Si identificano tre zone di produzione che danno vini con caratteristiche diverse: la zona adriatica che confina a nord con Brindisi ed arriva fino a Mesagne risente dell’influenza dei venti e del mare, i vini sono strutturati, molto austeri; la zona centrale quella del Salice Salentino dal colore meno intenso, vini più equilibrati e la zona jonica in cui si distingue la Doc Copertino, la cui storia si lega alla Cantina sociale di Copertino, nata nel 1935, oggi con 300 soci ed una produzione di vini di qualità.

Con la prospettiva di promuovere la cultura del territorio è nato il progetto Il vigneto sul Castello, quello angioino di Copertino: un impianto di Negroamaro Cannellino sui bastioni del castello con sistema di allevamento ad alberello pugliese e disposizione dei filari a quinquonce, proprio dove un tempo esisteva un vigneto ed un uliveto. Tra un paio d’anni la prima vendemmia. Il Negroamaro deve fare i conti con la sensibilità del produttore e del suo stile produttivo.



In generale nell’affinamento la barrique ha lasciato il posto alla botte grande, quelle fastidiose note di animale e di cuoio per anni portate come carattere distintivo, dovute invece ai Brettanomyces, si sono attenuate con una maggiore attenzione alla pulizia in cantina ed alla rinnovata tecnologia. Rimane invece la caratteristica terrosità che ci riporta alla terra rossa salentina. L’olfatto si muove attorno alla frutta rossa e nera con sentori speziati, una vena di liquirizia ed erbe officinali come il timo. In bocca non finisce mai di stupire, tanta materia, sensazioni importanti a volte incalzanti come il ritmo della Taranta.

Compagno di sempre la Malvasia nera di Lecce mai inferiore al 70% oppure Sussumaniello, Sangiovese e Montepulciano; in qualche caso Lambrusco e per chi ama l’innovazione i classici internazionali.

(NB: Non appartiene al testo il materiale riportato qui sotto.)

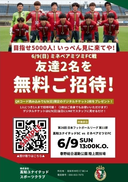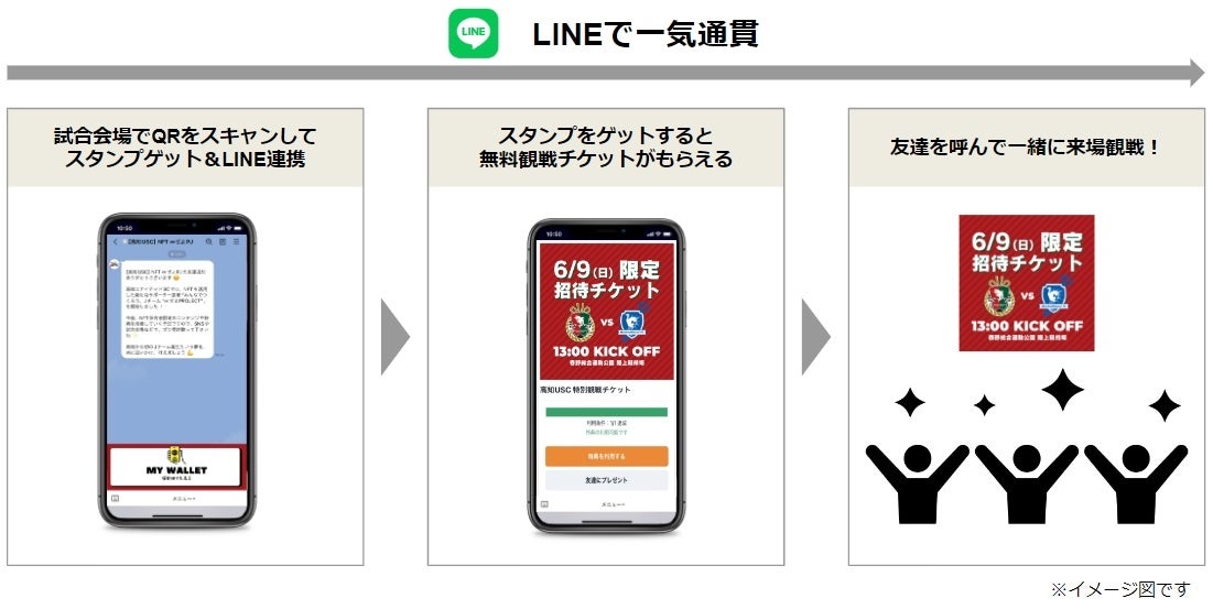 本プロジェクトの一環として、JFLリーグ戦ホーム試合への平均来場者数2,000人以上を達成するため、5月18日(土)に開催されるJFL第9節vsレイラック滋賀FCとのホーム試合にて、来場ボーナスとしてNFTを活用したデジタルチケットを配布するキャンペーンを実施します。本来は複数回の来場毎に来場証明となるNFTを取得することで来場スタンプが貯まり、特典がGETできる仕様となっておりますが、今施策については、5月18日(土)の来場スタンプを取得することで特典を入手することができます。特典は次回のホーム戦、6月9日(日)のミネベアミツミFC戦に無料観戦ができるデジタルチケットが2枚付与されます。デジタルチケットはLINEを介して家族や友だちに送ることができ、来場者数の増加、高知ユナイテッドSCとの関係人口創出を目指す施策になります。

Non si può parlare di Negroamaro senza citare il vino dell’ospitalità del Salento, il rosato dal colore rosso corallo, brillante e il suo ambasciatore nel mondo, il Five Roses, nato nel 1943, primo vino rosato ad essere imbottigliato e commercializzato in Italia e da subito esportato negli Stati Uniti prodotto da una cantina storica, Leone de Castris, dal 1665 a Salice Salentino.

La storia della cantina vive nel Museo del vino inaugurato nel 2009 e l’innovazione nel nuovo Winebar dedicato proprio al rosato per eccellenza. Attualmente l’utilizzo del Negroamaro è previsto in 14 delle 28 Dop pugliesi in diverse tipologie che accompagnano i saporiti piatti della cucina di tradizione dalle radici greche e bizantine, provenzali e spagnole, arabe e balcaniche: pittule, friselle, burrate, orecchiette, ciceri e tria, polpette e braciole.